74. "Council of Ministers to aid and advise President.-(1) There shall be a Council of Ministers with the Prime Minister at the head to aid and advise the President who shall, in the exercise of his functions, act in accordance with such advice:
Provided that the President may require the Council of Ministers to reconsider such advice, either generally or otherwise, and the President shall act in accordance with the advice tendered after such reconsideration.
(2) The question whether any, and if so what, advice was tendered by Ministers to the President shall not be inquired into in any court."
The Prime Minister is known as ' the moon among the stars'. Stars are the cabinet ministers or the council of ministers to whom the various working portfolios are allocated by the President of India on the advice of the Prime Minister in all the fields relating to environment, railways, transportation, sanitation , home ministry, ministry of law and justice or any other sphere that is related to the country.
The important principles of the cabinet system of government in India have been provided by the Articles 74 and 75 of the Constitution. Article 74 (1) lays down that there shall be a council of ministers with the Prime Minister at the head to aid and advise the President in the discharge of his functions. Article 75(1) says that "The Prime Minister shall be appointed by the President and the other ministers shall be appointed by the President on the advice of the Prime Minister." The President of India has no choice but to accept the advice of the council of ministers as it remains responsible for all the action, on his behalf, to the Lower House of the Indian Parliament.

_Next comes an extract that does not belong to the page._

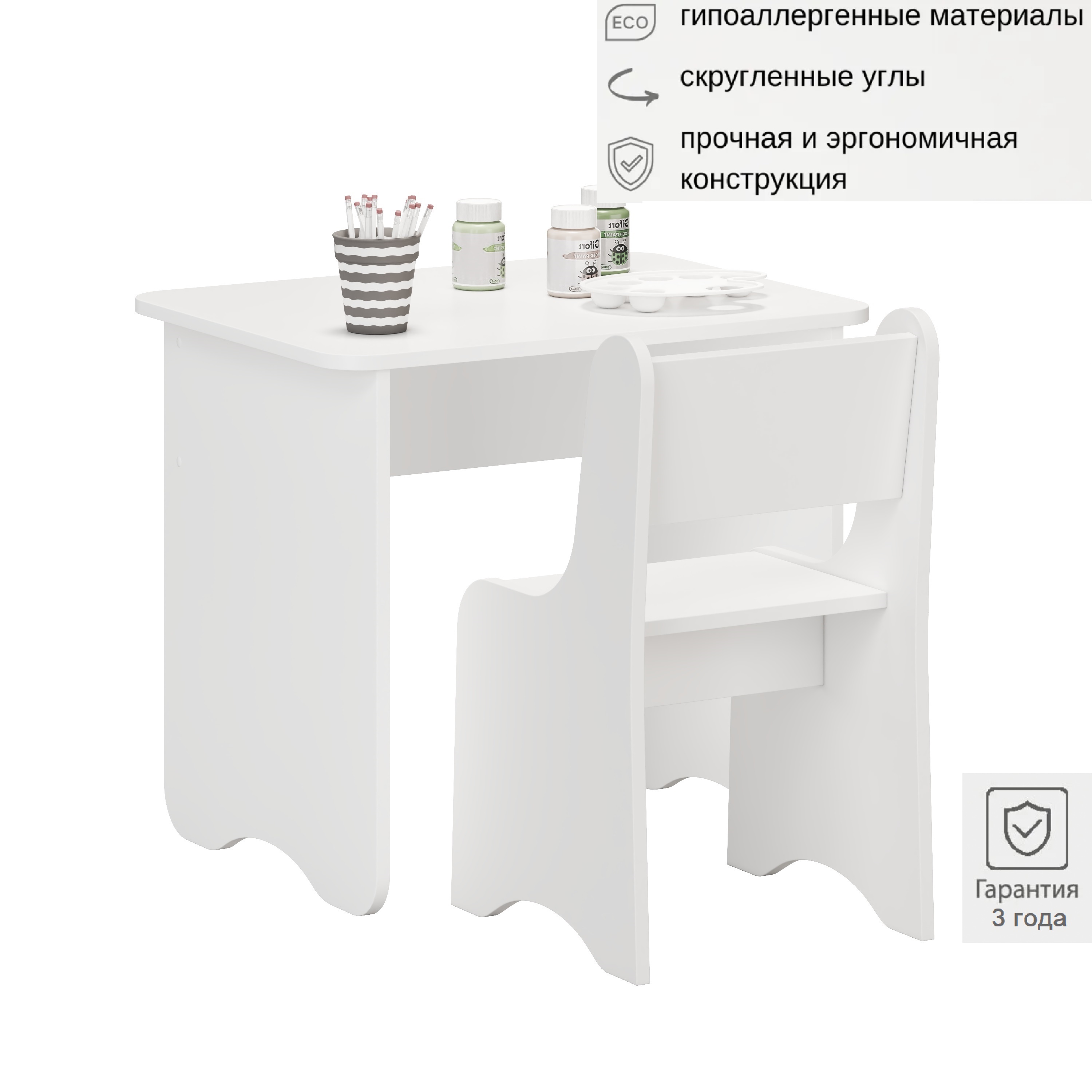 —Комплект Малыш (стол + стул) в белом цвете
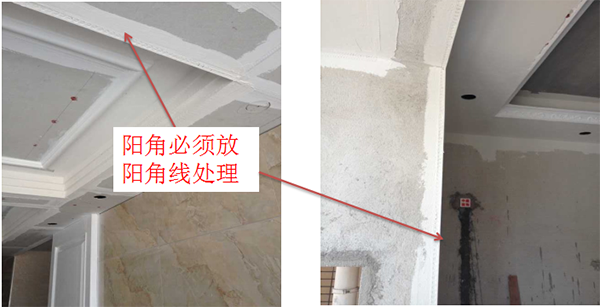 陰角彈好墨線用石膏打平,陽角用陽角收直口。

As a matter of Parliamentary practice the President appoints, the leader of the majority party or any person enjoying the support of the majority of members in the Lok Sabha as Prime Minister for five years. The President appoints the ministers and distributes portfolios among them on the advice of the Prime Minister. On his advice the President can appoint an outsider, who is not a member of parliament as a minister. However, such a person has to be elected to either House of Parliament within six months from the date of his appointment. On his recommendation the President can dismiss any minister from the council of ministers. Virtually, the President has no say in these matters as these constitute the prerogatives of the Prime Minister.

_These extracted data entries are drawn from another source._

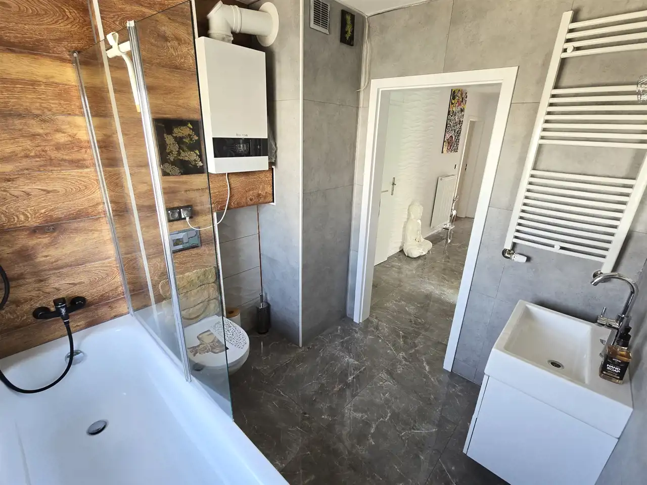 Ogrzewanie gazowe piecem dwufunkcyjnym, okna trzyszybowe z roletami zewnętrznymi.
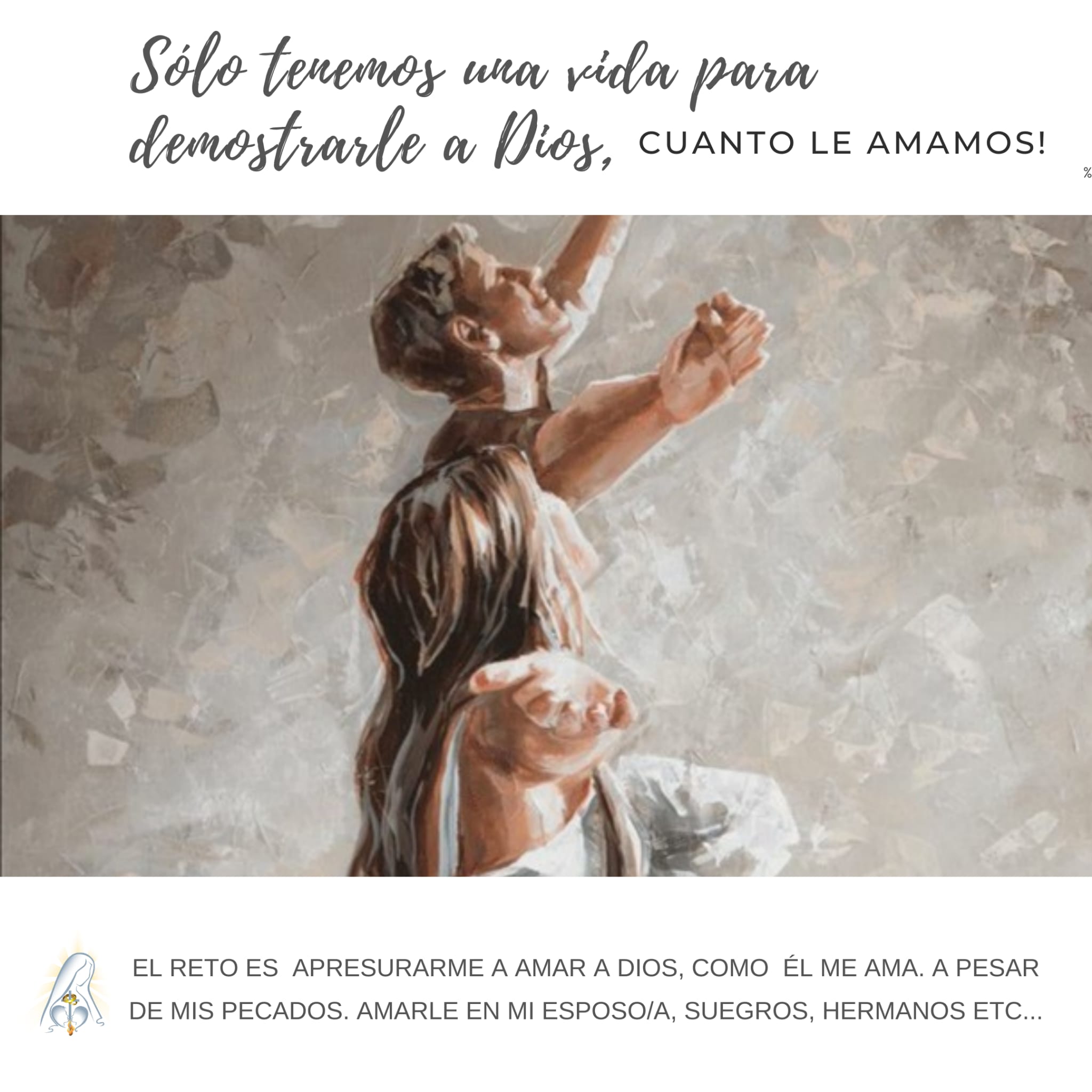 Dios nos ha dado la dignidad de ser cristianos, parte del Cuerpo místico de Cristo, que es la Iglesia. Y tenemos que comportarnos como Él para responder a nuestra vocación de esposos cristianos. Amamos a Dios en la medida en la que nos esforzamos por amarnos entre nosotros. Y yo, Señor, te entrego mi vida. Amén.
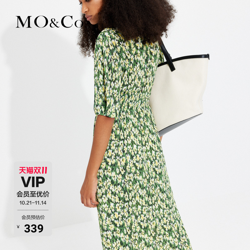 摩安珂 春夏薄荷曼波印花V领打揽高腰木耳边连衣裙 MOCO奥莱
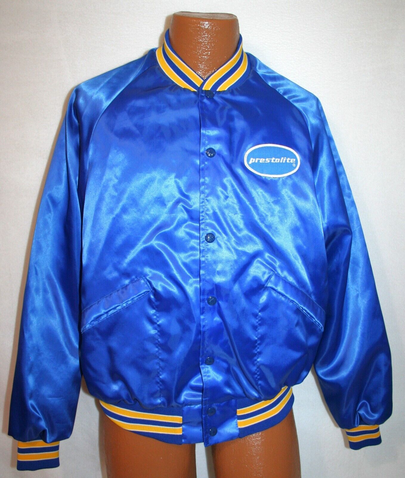 - Vtg 80s KING LOUIE Pro Fit Nylon Satin PRESTOLITE PATCH Jacket L Motor Racing
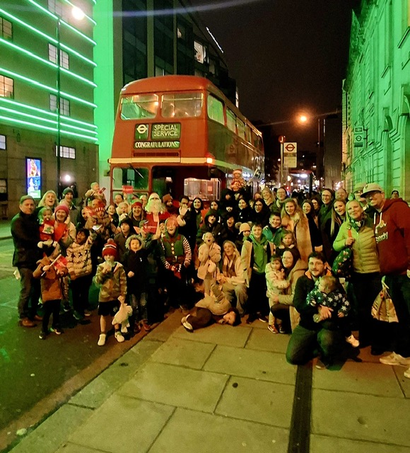 As we pulled up to Oxford Street, we were met with a truly magical moment, Father Christmas himself was waiting at the bus stop! With his trademark “ho ho ho!”, he jumped aboard, leading the bus in festive songs, listening to stories of how good the children had been all year, and giving out gifts to every child. His presence lit up the bus almost as much as the sparkling lights of London!
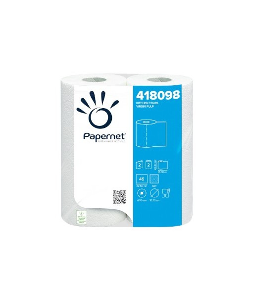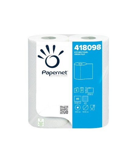 As toalhas de mão Papernet são perfeitas para os estabelecimentos que necessitam de uma ferramenta consistente, eficaz e prática para uma limpeza completa.¶¶Qualidade: Branco, Celulose Pura¶Nº Folhas: 2¶Folhas por Rolo: 45¶Gramagem: 20,5 g/m²¶¶Altura da Folha: 22,4 cm¶Comprimento da Folha: 22,6 cm¶Diâmetro do Rolo: 10,3 cm¶Comprimento do Rolo: 10,17 m¶Mandril: 3,8 cm¶¶Dimensões da caixa: 22,5 x 82,4 x 61,8 cm¶Volume: 0,115m3¶¶Certificações¶EU ECOLABEL¶O rótulo ecológico da UE indica um produto que garante um impacto ambiental reduzido em todas as fases do seu ciclo de vida.
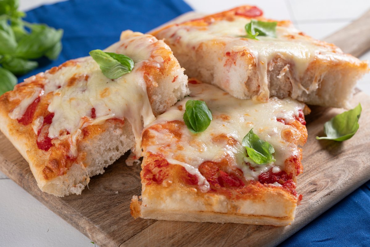 Do you think a gluten-free pizza can't be as tasty and flavorful as the traditional one? With our recipe, you'll definitely change your mind! A Thick and soft tray pizza baked in the oven and topped like a simple Margherita, which you can easily personalize with your favorite ingredients, taking inspiration from classic recipes like spicy pizza or Capricciosa pizza. The dough with high hydration does not develop the gluten network, so it is advisable to use a stand mixer to handle it more easily. The double rising and the two-stage baking will take care of the rest! Is your mouth watering just looking at it? Then get to work, the gluten-free pizza deserves a taste right away!
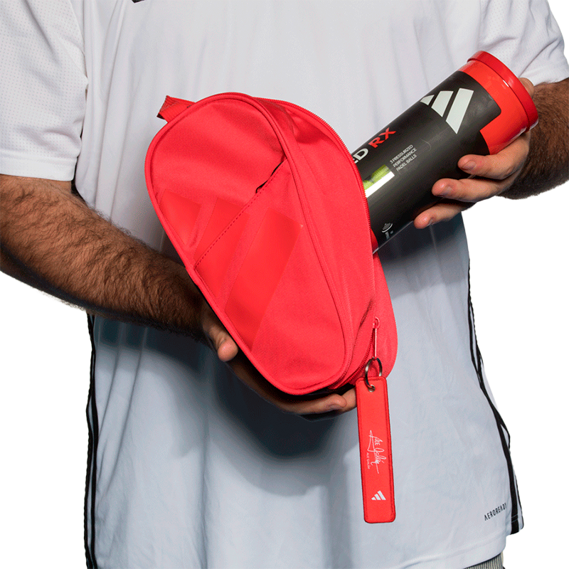 toiletry bag Adidas Red/Black Ale Galán that combines space and practicality for training and competitions. Its large main compartment houses accessories padel and personal effects with order, while two side zipper pockets ensure storage of small items. Comfortable carrying handle to take it to any part of the court.

Council of Ministers belong to different ranks
The members of the council of ministers belong to different ranks. Normally there are four categories of ministers appointed by the President. They are :
1. The senior and experienced leaders of the party are appointed as cabinet ministers. They handle their portfolios independently with the assistance of other kinds of ministers.
2. The next category is ministers of state who are fairly senior and experienced and good enough to assist the cabinet ministers. Sometimes the ministers of state are given independent charge of the ministries also. Like cabinet ministers, they freely handle the affairs of these ministries and get assistance from the junior ministers. The only justification of giving independent charge of ministries to some ministers of state and denying this to other ministers of this rank is the prerogative of the Prime Minister.
3.The third category is deputy ministers.
4. The last category is parliamentary secretaries who are fairly younger with almost no experience. They are inducted into the cabinet to acquire experience by assisting their senior ministers to discharge their functions well.
No qualification or age limit is laid down for these different categories of ministers. The political wisdom as well as the compulsions of the Prime Minister decide which minister will belong to which category and handle which portfolio. The council of ministers is collectively responsible to the Lower House of the Parliament. The council of ministers hardly meets as a body. It is the cabinet, an inner body within the council which assumes all authority and shapes the policy of the government. Cabinet is the highest policy making body, consulted by the Prime Minister frequently while taking important policy decisions in matters of administration. Only the cabinet ministers attend the cabinet meetings as they constitute the core group of the Prime Minister. The other categories of ministers, unless specially invited do not attend the cabinet meetings. That is why a distinction is always made between the council of ministers and the cabinet. The former is a larger body comprising of all categories of ministers, but the latter is a smaller body of cabinet ministers. Thus all members of the cabinet are members of the council of ministers while all members of the council of ministers are not members of the cabinet.
Since the council of ministers does not meet as a body, the cabinet being a smaller structure of senior and experienced ministers becomes the highest advisory body to the President of India. All policy decisions are taken in the cabinet. The Prime Minister discusses all matters relating to administration with his colleagues in the cabinet and decides the policies to be adopted. Once the policy is formulated the entire council of ministers remains collectively responsible to that. Over and above the cabinet looks after the execution of the policy. There is an experienced and well trained professional body of civil servants to assist the Prime Minister and other ministers in the implementation of the policies. The cabinet settles all inter- departmental and inter- ministerial differences for smooth functioning of the government. It also determines the traits of our foreign policies and important appointments relating to that.